## Requirement
Going line by line through the records below, write out everything starting with the line containing "Håndbroderet Nepal Armbånd" and going on through the line containing "407760 Sound Level", exactly and inclusively. Pictures do not go in.
(Dataset records)
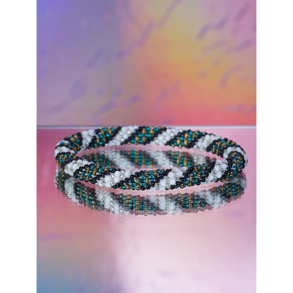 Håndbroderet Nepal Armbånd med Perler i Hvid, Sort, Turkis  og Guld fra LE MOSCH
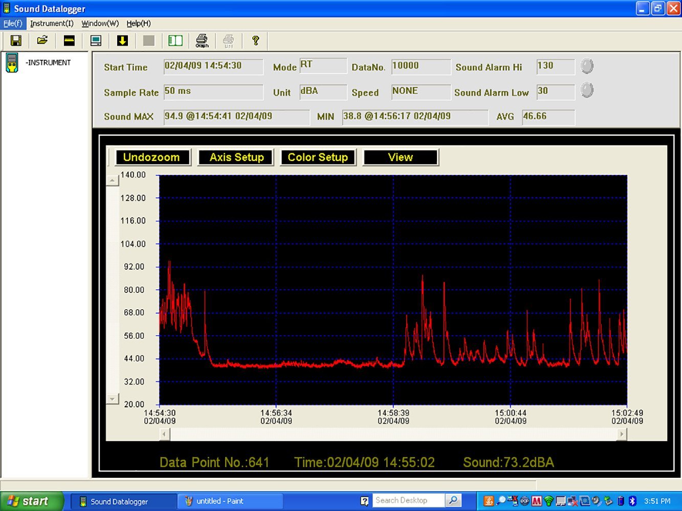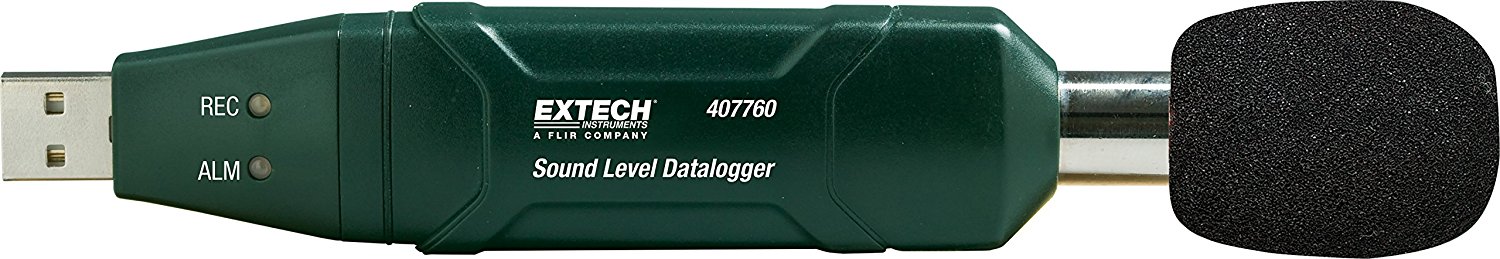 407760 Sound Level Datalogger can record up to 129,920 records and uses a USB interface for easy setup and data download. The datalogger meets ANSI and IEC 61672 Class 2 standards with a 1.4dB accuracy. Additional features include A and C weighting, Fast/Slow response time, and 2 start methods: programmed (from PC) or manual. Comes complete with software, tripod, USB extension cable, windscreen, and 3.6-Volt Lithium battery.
(End Dataset records)
(Dataset records)
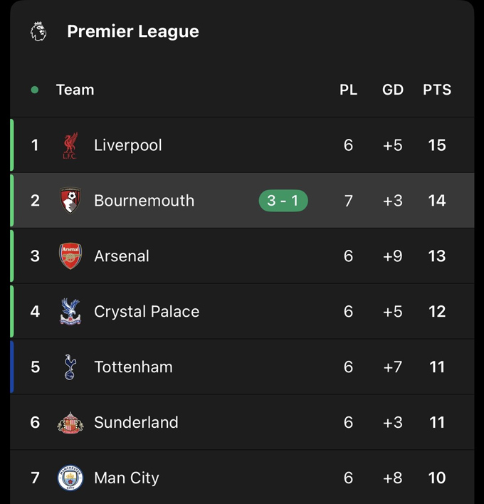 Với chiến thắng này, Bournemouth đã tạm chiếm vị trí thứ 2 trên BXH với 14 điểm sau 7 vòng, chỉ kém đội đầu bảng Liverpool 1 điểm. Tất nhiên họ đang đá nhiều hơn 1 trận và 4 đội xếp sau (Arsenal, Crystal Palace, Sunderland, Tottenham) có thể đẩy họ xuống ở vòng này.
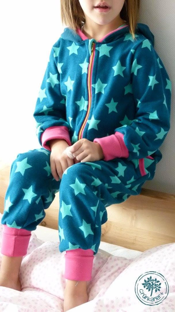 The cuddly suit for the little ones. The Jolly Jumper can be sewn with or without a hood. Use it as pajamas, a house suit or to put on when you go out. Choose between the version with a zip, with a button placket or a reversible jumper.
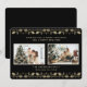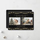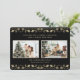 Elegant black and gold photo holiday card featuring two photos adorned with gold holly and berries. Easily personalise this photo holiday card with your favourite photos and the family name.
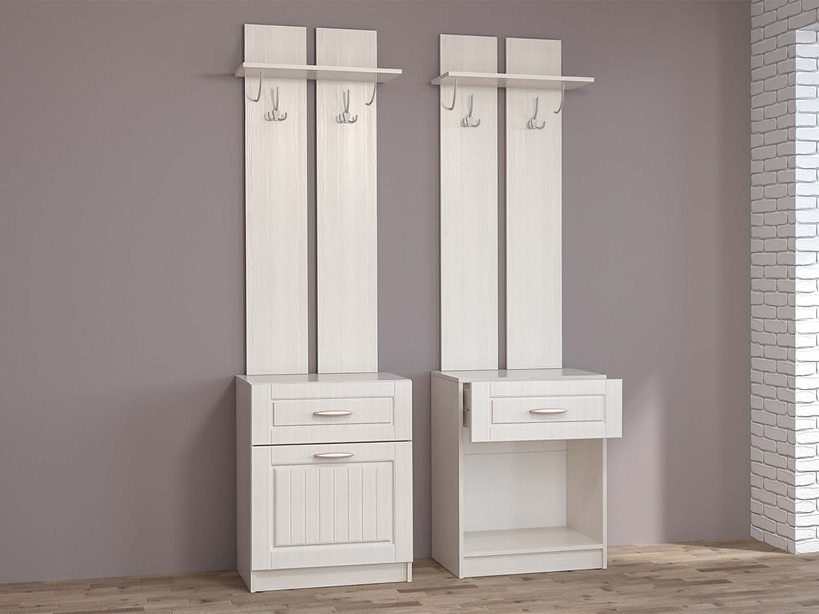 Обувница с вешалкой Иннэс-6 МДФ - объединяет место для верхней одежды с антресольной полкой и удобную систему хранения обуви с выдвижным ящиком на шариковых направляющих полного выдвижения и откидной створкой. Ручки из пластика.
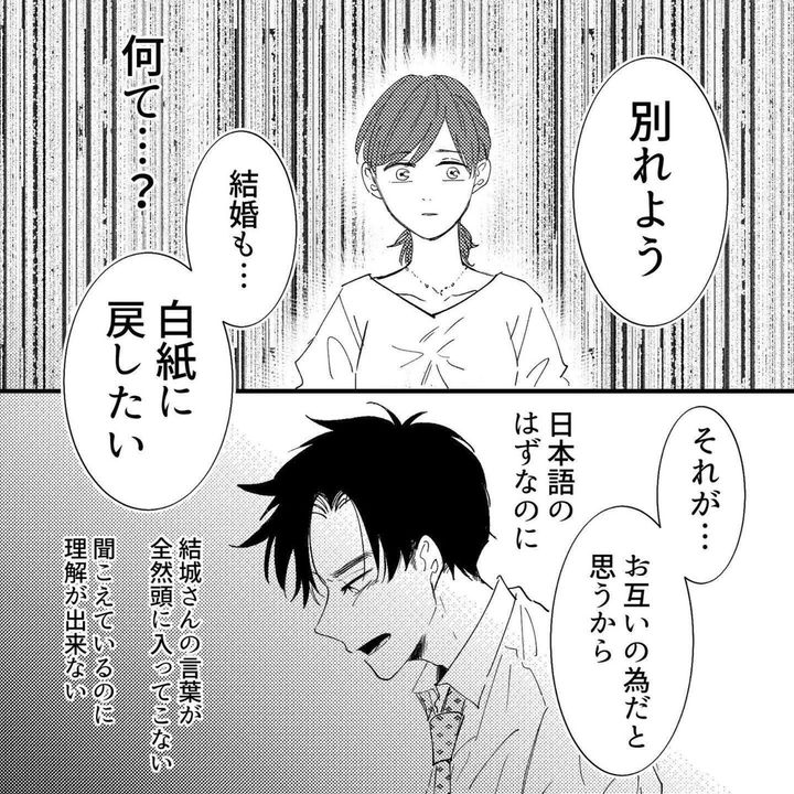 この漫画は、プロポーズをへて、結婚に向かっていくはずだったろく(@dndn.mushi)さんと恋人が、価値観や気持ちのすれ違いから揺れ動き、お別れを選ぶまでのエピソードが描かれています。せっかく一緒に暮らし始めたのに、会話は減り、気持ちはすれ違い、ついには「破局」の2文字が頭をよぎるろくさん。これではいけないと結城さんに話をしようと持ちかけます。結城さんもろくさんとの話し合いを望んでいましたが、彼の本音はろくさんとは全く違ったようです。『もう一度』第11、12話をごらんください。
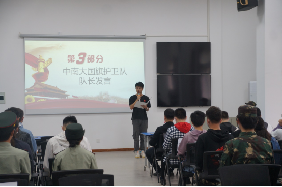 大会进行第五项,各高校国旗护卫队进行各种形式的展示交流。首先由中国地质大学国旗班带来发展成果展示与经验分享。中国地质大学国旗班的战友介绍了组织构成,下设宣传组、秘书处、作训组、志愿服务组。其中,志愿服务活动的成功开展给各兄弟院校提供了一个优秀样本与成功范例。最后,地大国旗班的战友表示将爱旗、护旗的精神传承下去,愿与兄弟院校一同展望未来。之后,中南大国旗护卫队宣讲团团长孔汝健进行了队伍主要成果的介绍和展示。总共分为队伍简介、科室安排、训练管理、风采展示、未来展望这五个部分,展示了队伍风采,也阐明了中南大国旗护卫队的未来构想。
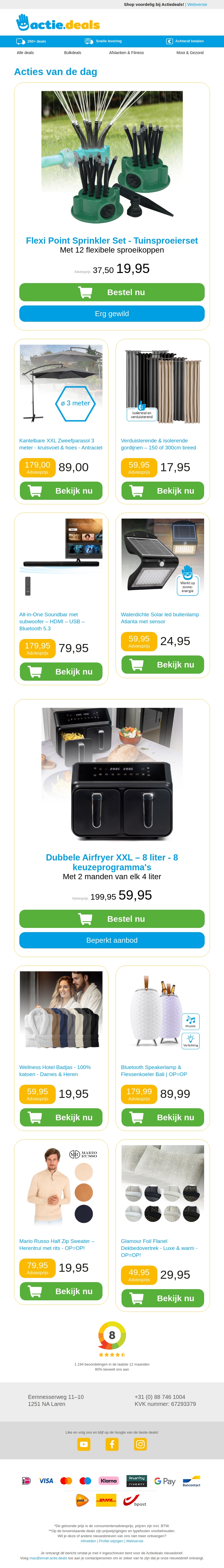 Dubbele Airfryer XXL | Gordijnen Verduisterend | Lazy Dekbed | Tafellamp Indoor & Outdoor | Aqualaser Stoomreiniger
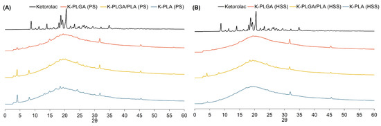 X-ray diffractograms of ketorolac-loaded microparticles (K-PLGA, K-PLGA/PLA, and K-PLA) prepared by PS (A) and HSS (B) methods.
(End Dataset records)
## Written response
 Håndbroderet Nepal Armbånd med Perler i Hvid, Sort, Turkis  og Guld fra LE MOSCH
 407760 Sound Level Datalogger can record up to 129,920 records and uses a USB interface for easy setup and data download. The datalogger meets ANSI and IEC 61672 Class 2 standards with a 1.4dB accuracy. Additional features include A and C weighting, Fast/Slow response time, and 2 start methods: programmed (from PC) or manual. Comes complete with software, tripod, USB extension cable, windscreen, and 3.6-Volt Lithium battery.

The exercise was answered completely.